Hacker News new | ask | show | jobs
by GamerAlias 910 days ago
In case, it's not blinding obvious to people. Groq are a hardware company that have built chips that are designed around the training and serving of machine models particularly targeted at LLMs. So the quality of the response isn't really what we're looking for here. We're looking for speed i.e. tokens per second.
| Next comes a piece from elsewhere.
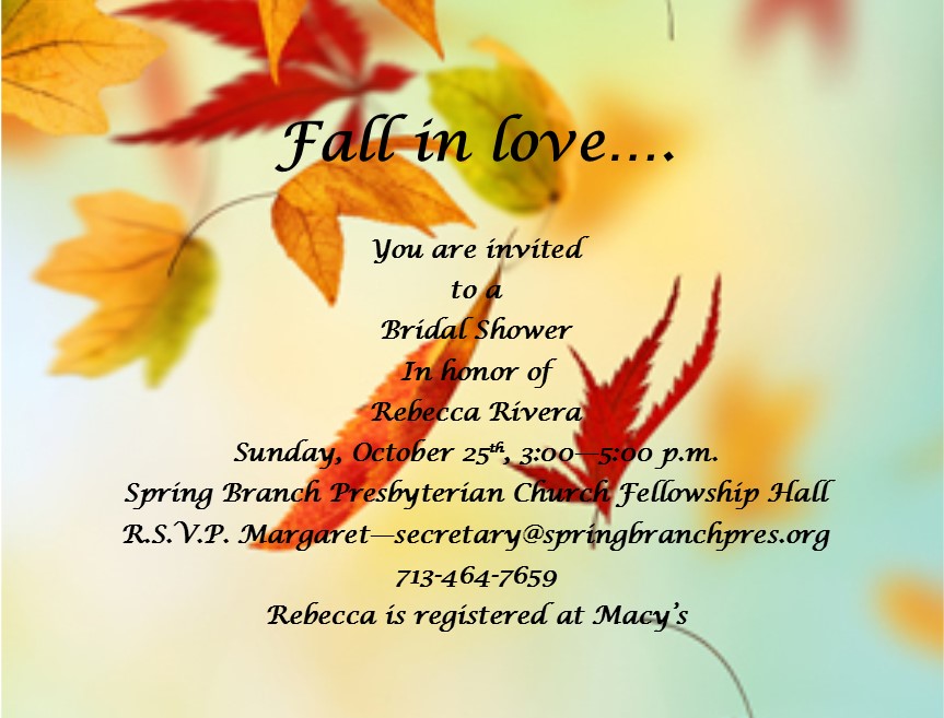Rebecca and Joel are getting married! A wedding shower will be held for Rebeca Rivera on Sunday, October 25th from 3-5pm in the Fellowship Hall. Rebecca is registered at Macy’s.… Read More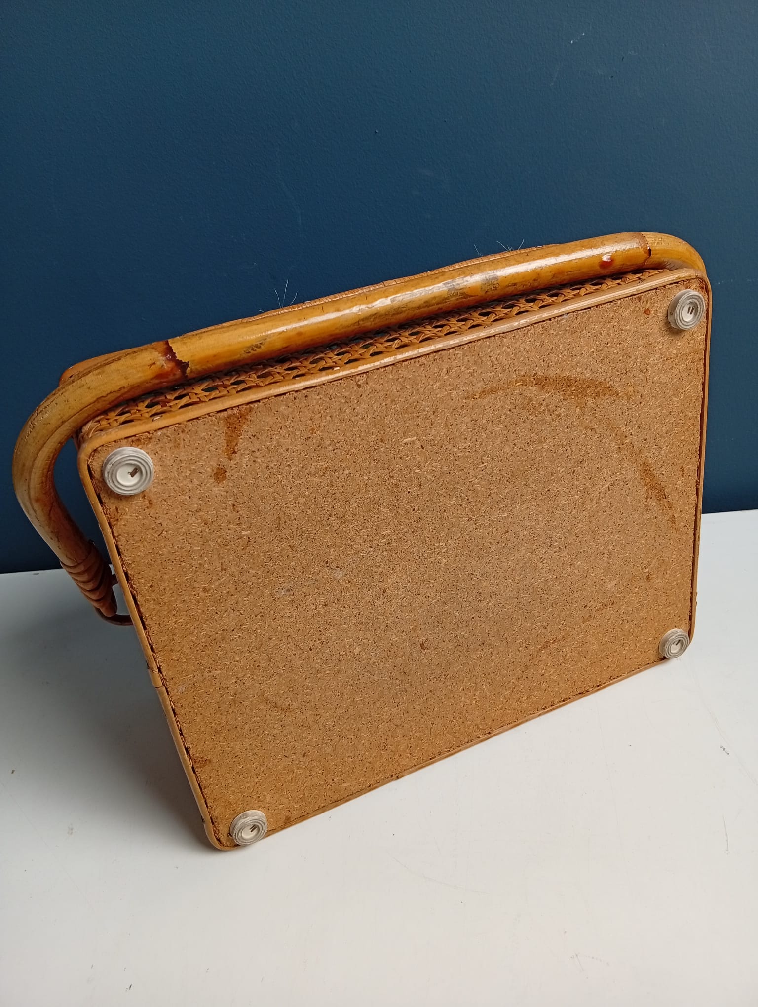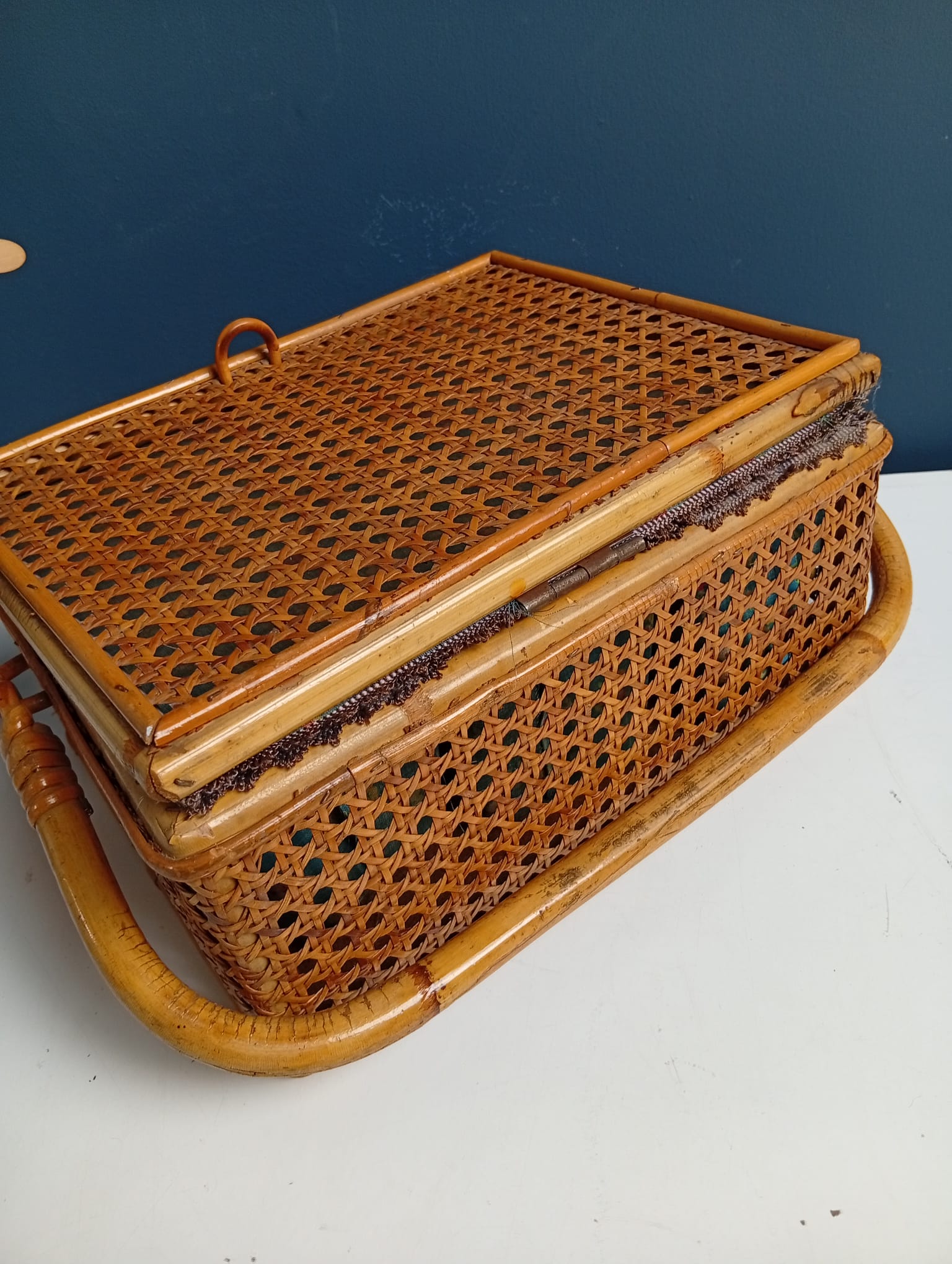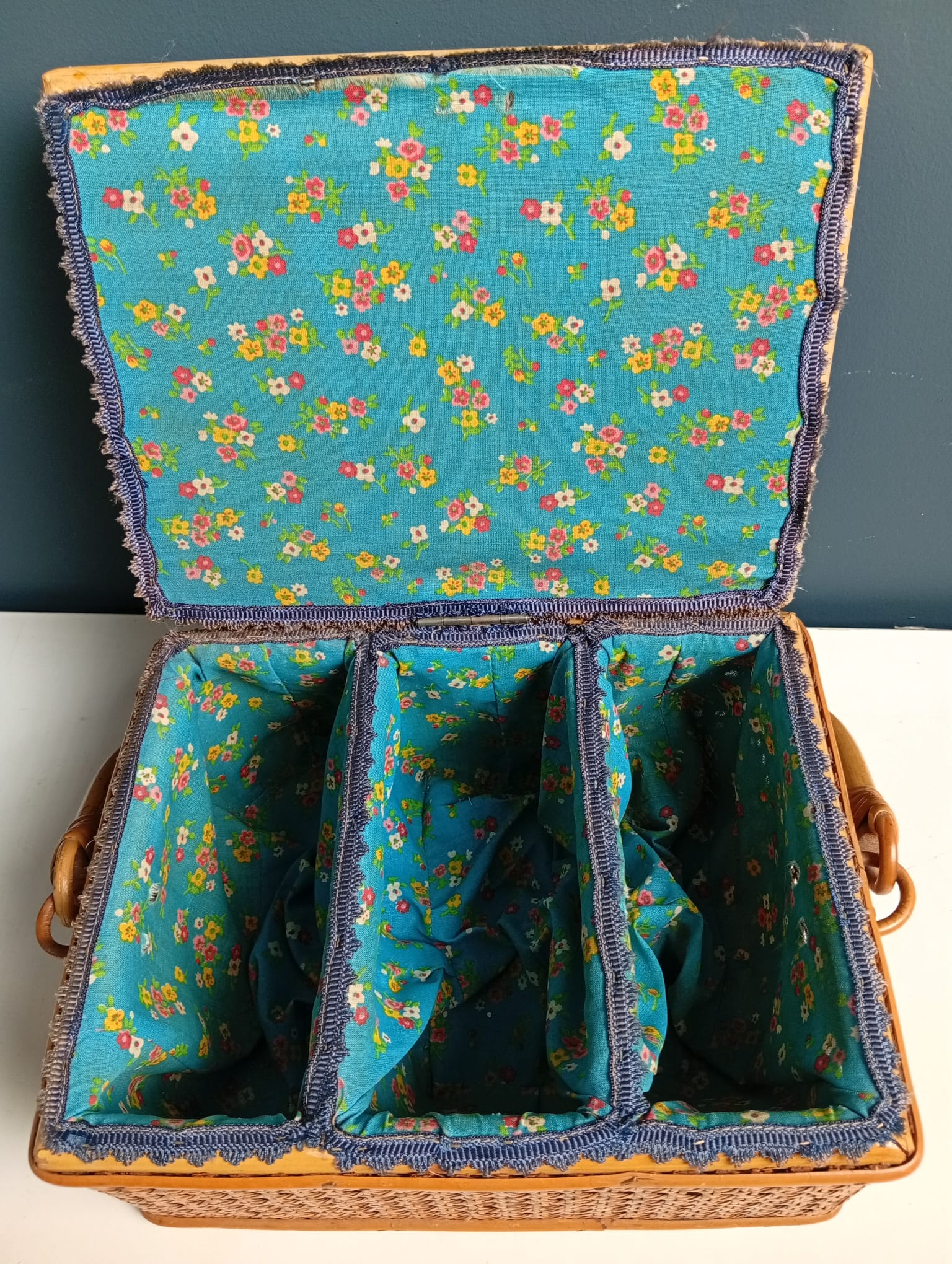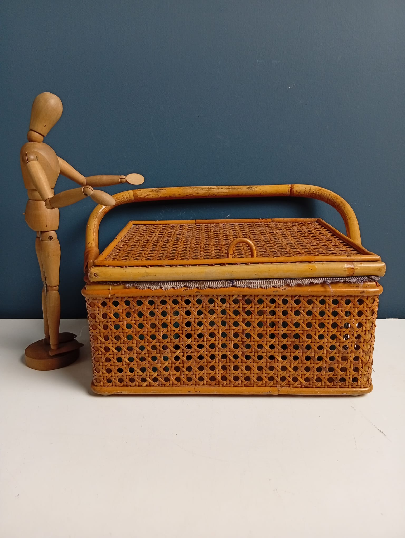 Cestino porta lana Vintage in paglia di Vienna. Rivestito all’interno e diviso in 3 scomparti. Manico e presa per aprire.

I actually have a final round interview with a subsidiary of Groq coming up and I'm very undecided as to whether to pursue it so this felt extraordinarily serendipitous to me. Food for thought shown here

3 comments

tbh anyone can build fast hw for a single model, I’d audit their plan for a SW stack before joining. That said their arch is pretty unique so if they’re able to get these speeds it is pretty compelling
Our hardware architecture was not designed with LLMs in mind, let alone a specific model. It's a general purpose numerical compute fabric. Our compiler allows us to quickly deploy new models of any architecture without the need that graphics processors have for handwritten kernels. We run language models, speech models, image generation models, scientific numerical programs including for drug discovery, ...
They are putting the whole LLM into SRAM across multiple computing chips, IIRC. That is a very expensive way to go about serving a model, but should give pretty great speed at low batch size.
> the quality of the response isn't really what we're looking for here. We're looking for speed i.e. tokens per second.

But if it was generating high-quality responses, would that not make it go slower?

That would involve using a different model. This is not about the model, it’s about the relative speed improvement from the hardware, with this model as a demo.